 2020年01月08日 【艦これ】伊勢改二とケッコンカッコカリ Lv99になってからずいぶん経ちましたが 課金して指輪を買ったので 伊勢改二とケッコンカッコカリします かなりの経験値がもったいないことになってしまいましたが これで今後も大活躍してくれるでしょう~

- - -

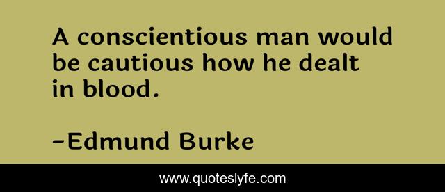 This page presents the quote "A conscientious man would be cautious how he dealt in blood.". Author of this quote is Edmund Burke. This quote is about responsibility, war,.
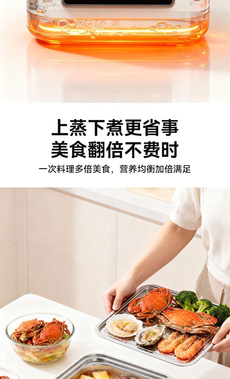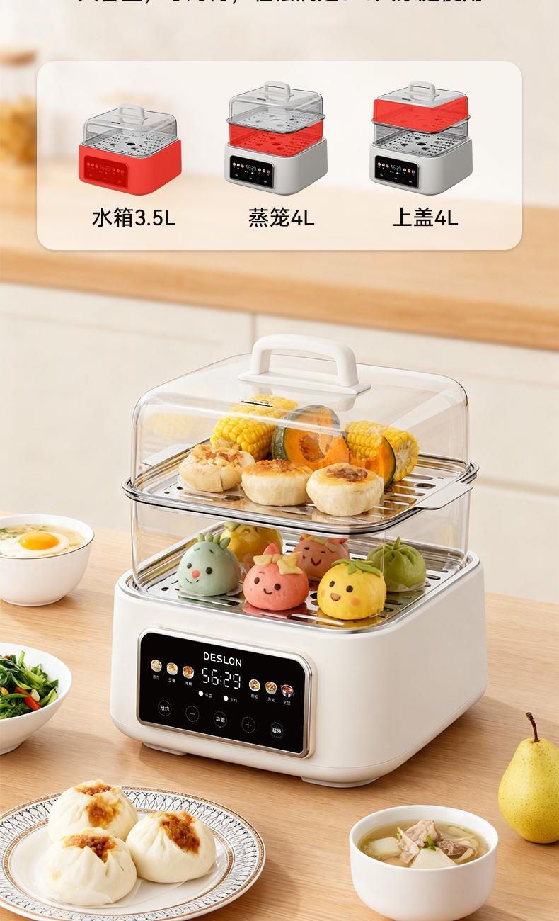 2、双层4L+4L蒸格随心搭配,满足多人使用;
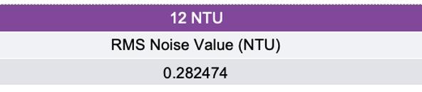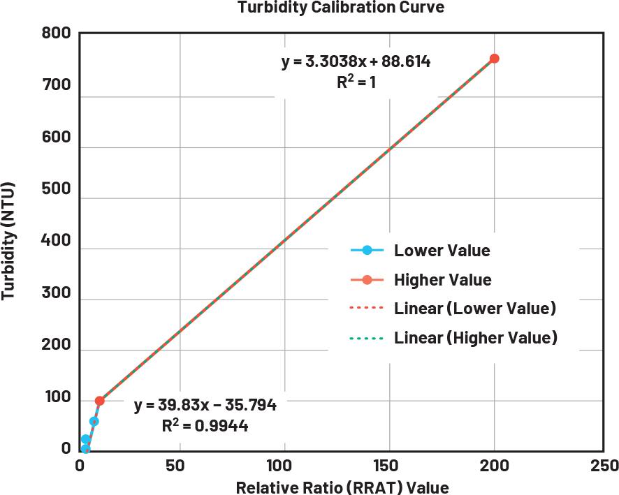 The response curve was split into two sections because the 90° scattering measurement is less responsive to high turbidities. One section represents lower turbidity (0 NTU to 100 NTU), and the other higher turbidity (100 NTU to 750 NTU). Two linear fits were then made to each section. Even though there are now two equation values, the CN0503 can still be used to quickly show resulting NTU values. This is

- - -

Everything between and including the line above containing "This page presents" and the line containing "The response curve" should be reproduced exactly, with pictures excluded.

 This page presents the quote "A conscientious man would be cautious how he dealt in blood.". Author of this quote is Edmund Burke. This quote is about responsibility, war,.
 2、双层4L+4L蒸格随心搭配,满足多人使用;
 The response curve was split into two sections because the 90° scattering measurement is less responsive to high turbidities. One section represents lower turbidity (0 NTU to 100 NTU), and the other higher turbidity (100 NTU to 750 NTU). Two linear fits were then made to each section. Even though there are now two equation values, the CN0503 can still be used to quickly show resulting NTU values. This is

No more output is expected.